Dans les cas les plus sévères, et si la patiente ne désire pas d’enfant, on peut recourir à la chirurgie radicale. En effet, celle-ci consiste à retirer complétement l’utérus et les ovaires ce qui induit une ménopause. Cette chirurgie se fait par coelioscopie ou laparoscopie : on ouvre l’abdomen de façon plus ou moins invasive. Si on choisit de conserver les ovaires, il s’agit d’une hystérectomie, qui a de très bons résultats sur les douleurs mais l’endométriose peut toujours progresser après.
Est-ce qu’on peut tomber enceinte avec de l’endométriose ?
Oui, il est tout à fait possible de tomber enceinte avec de l’endométriose. Néanmoins, certains projets de grossesse nécessiteront une assistance médicale à la procréation (AMP). Effectivement, l’endométriose est complexe et peut impacter grandement la fertilité. De nombreuses femmes arrivent à tomber enceintes naturellement, car leur endométriose n’est pas trop étendue, mais cela dépend de la sévérité des lésions et surtout de leur emplacement. De nos jours, la fécondation in vitro (FIV) donne de très bons résultats dans l’assistance à la procréation des patientes. Après 4 tentatives de FIV, on estime entre 45 % et 60% d’accouchement.

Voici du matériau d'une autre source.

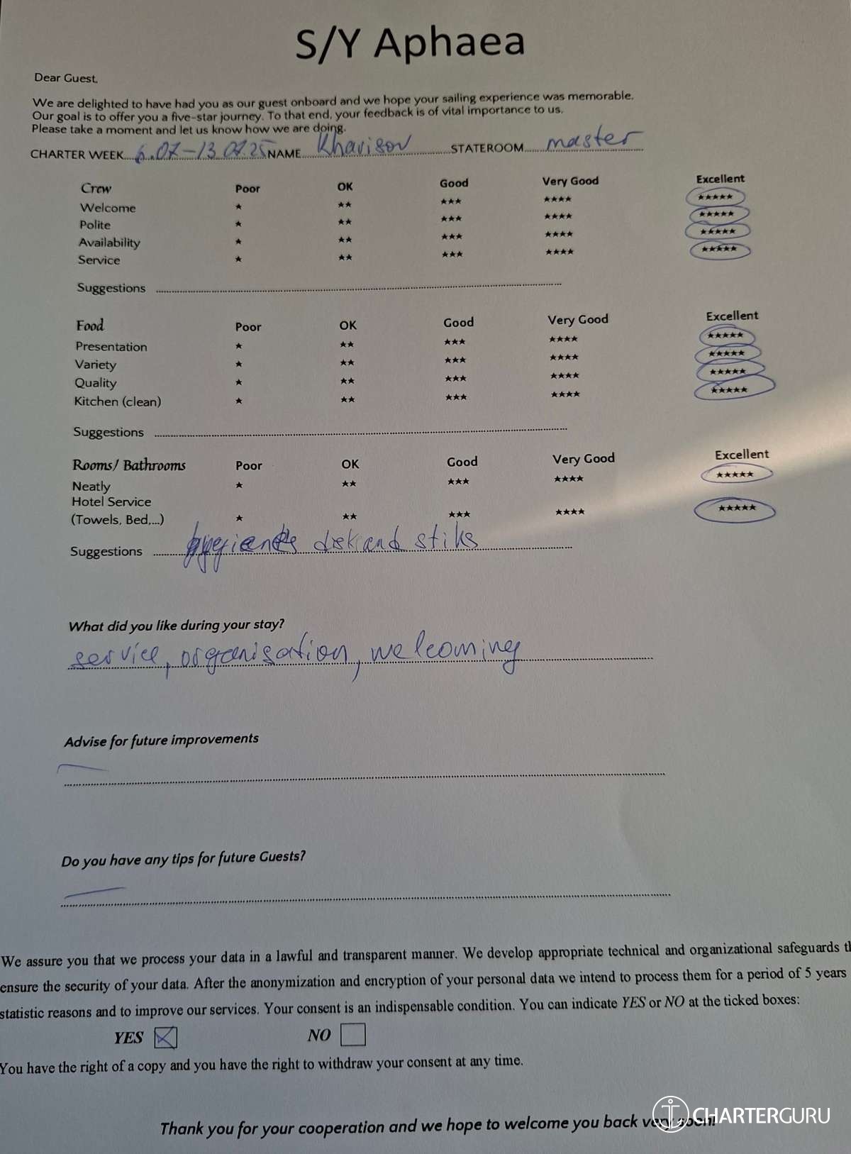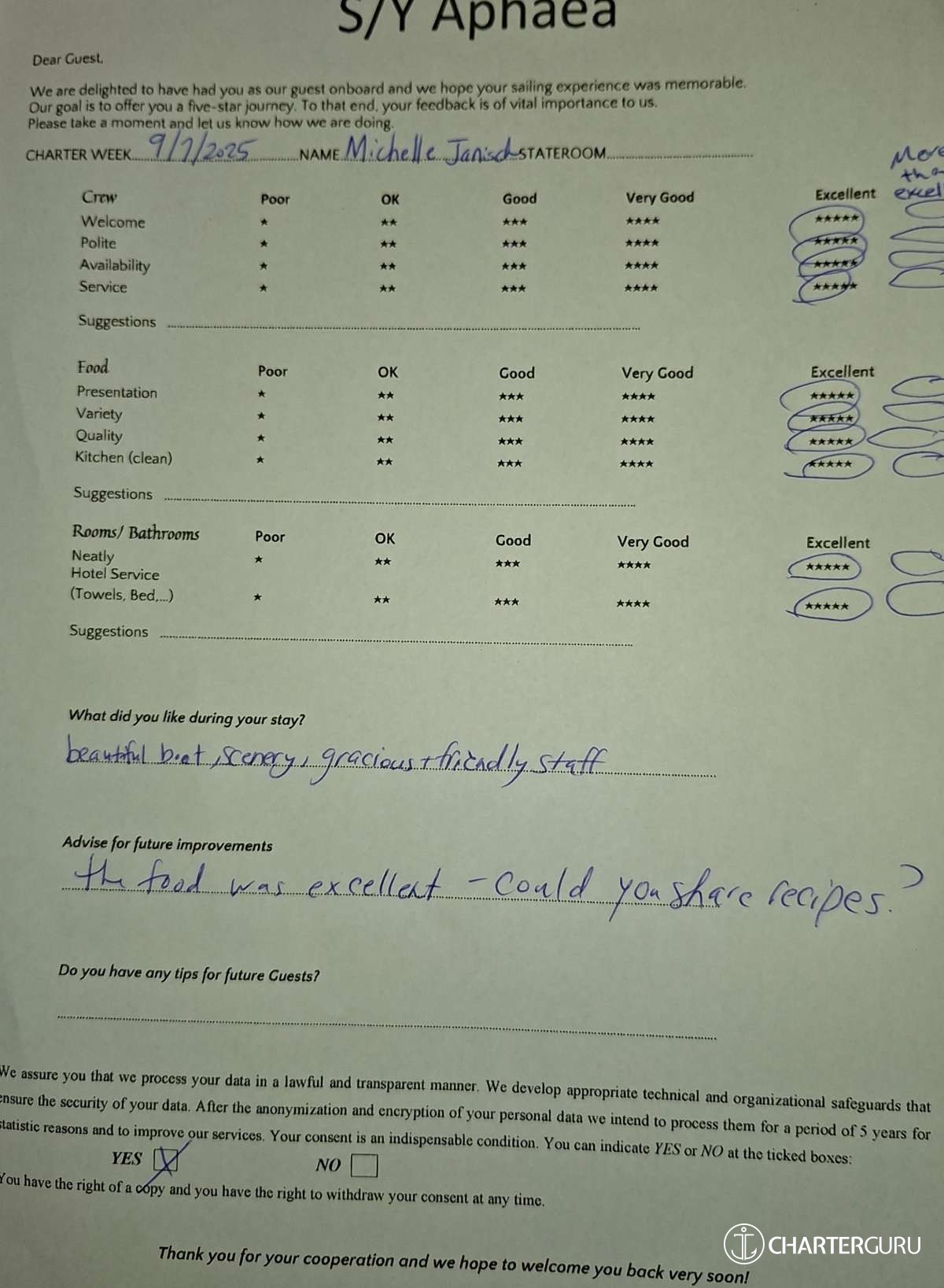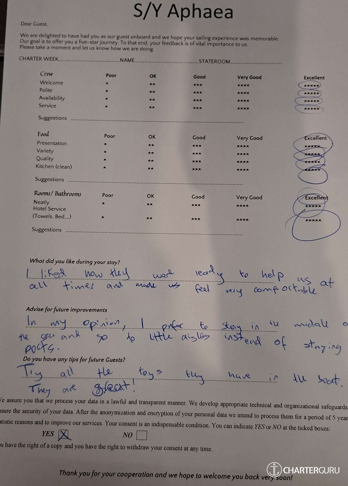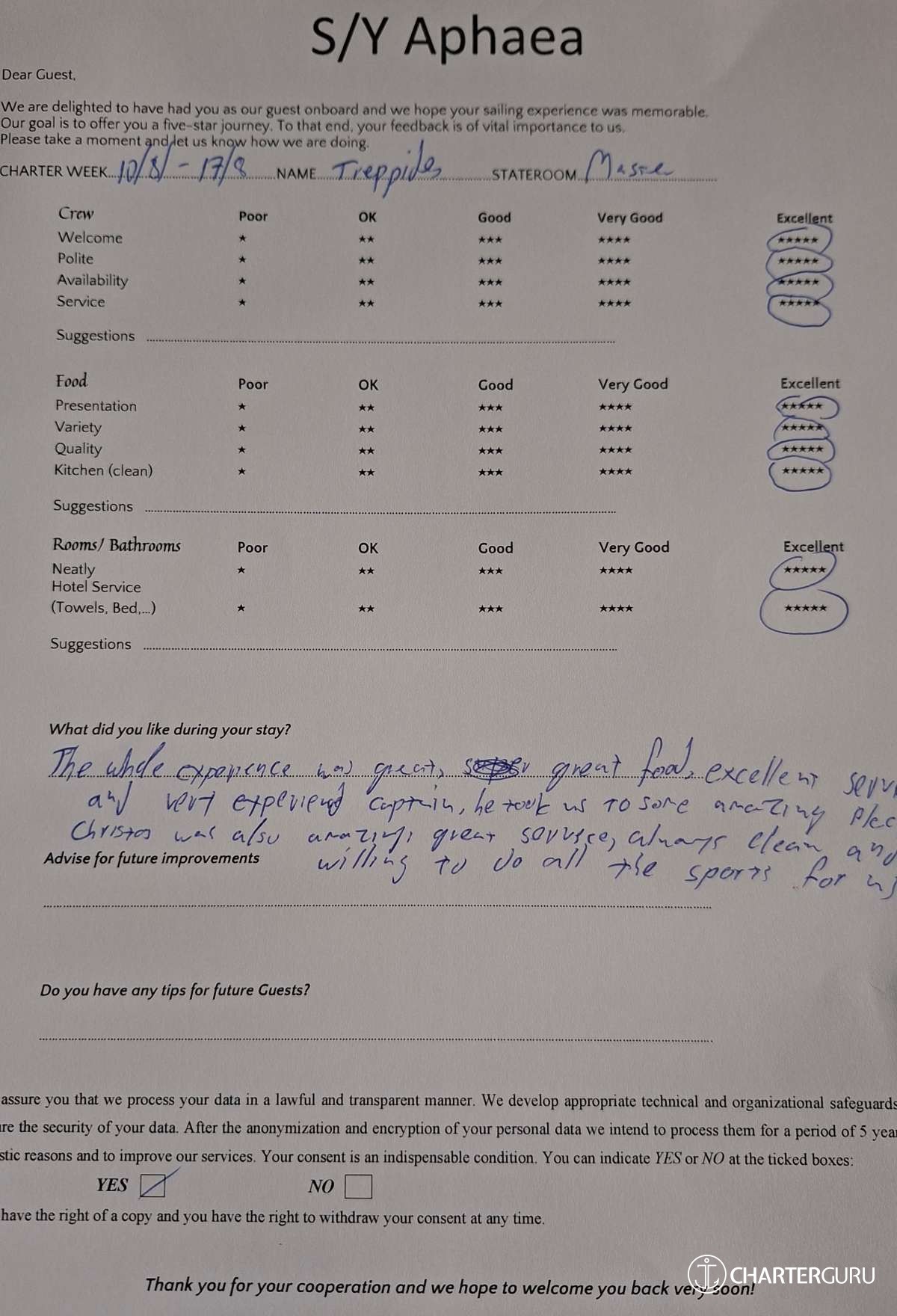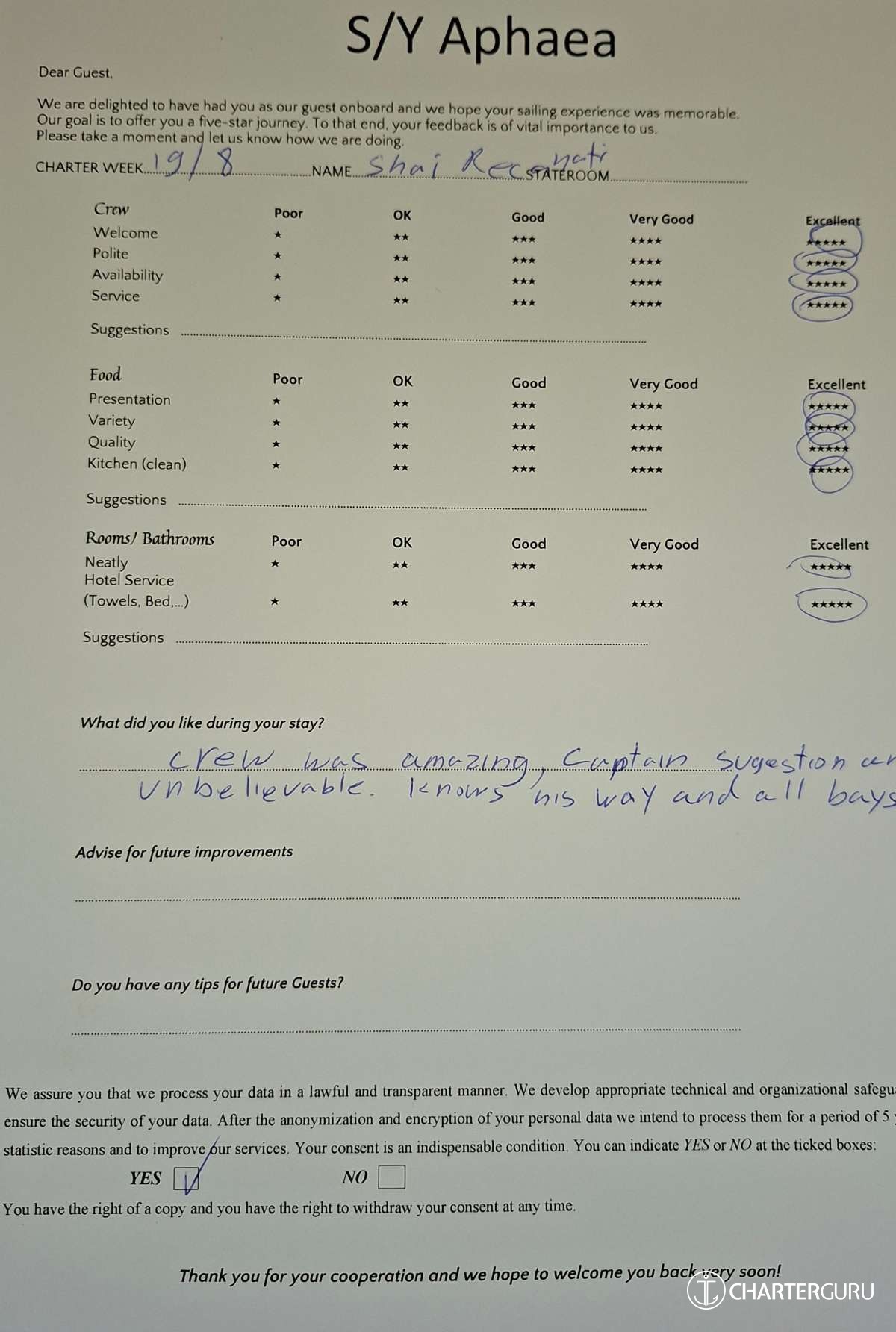 Your yachting experience is elevated by Captain Michalis' affable nature, fluency in both English and Spanish, and effective communication in both languages. Notably, his exceptional rapport with children adds an extra layer of warmth to the journey. Trust in Captain Michalis to guide you through a comfortable and welcoming vacation on the seas.

Il est possible de recourir à une coelioscopie (chirurgie de l’endométriose) avant d’avoir recours à un traitement pour l’infertilité. En effet, celle-ci peut permettre de tomber enceinte naturellement, avant d’envisager le recours à la FIV. Il est aussi possible de bénéficier d’une insémination utra-utérine (IIU), mais celle-ci nécessite un parcours médical d’autant plus complexe.
Enfin, on considère qu’à la fin de ce parcours médical à la procréation, deux femmes sur trois seront enceintes. C’est un parcours pénible, qui peut être épuisant moralement et physiquement. On peut donc se rapprocher d’associations de patientes, qui permettent d’être accompagnée et conseillée dans ce processus.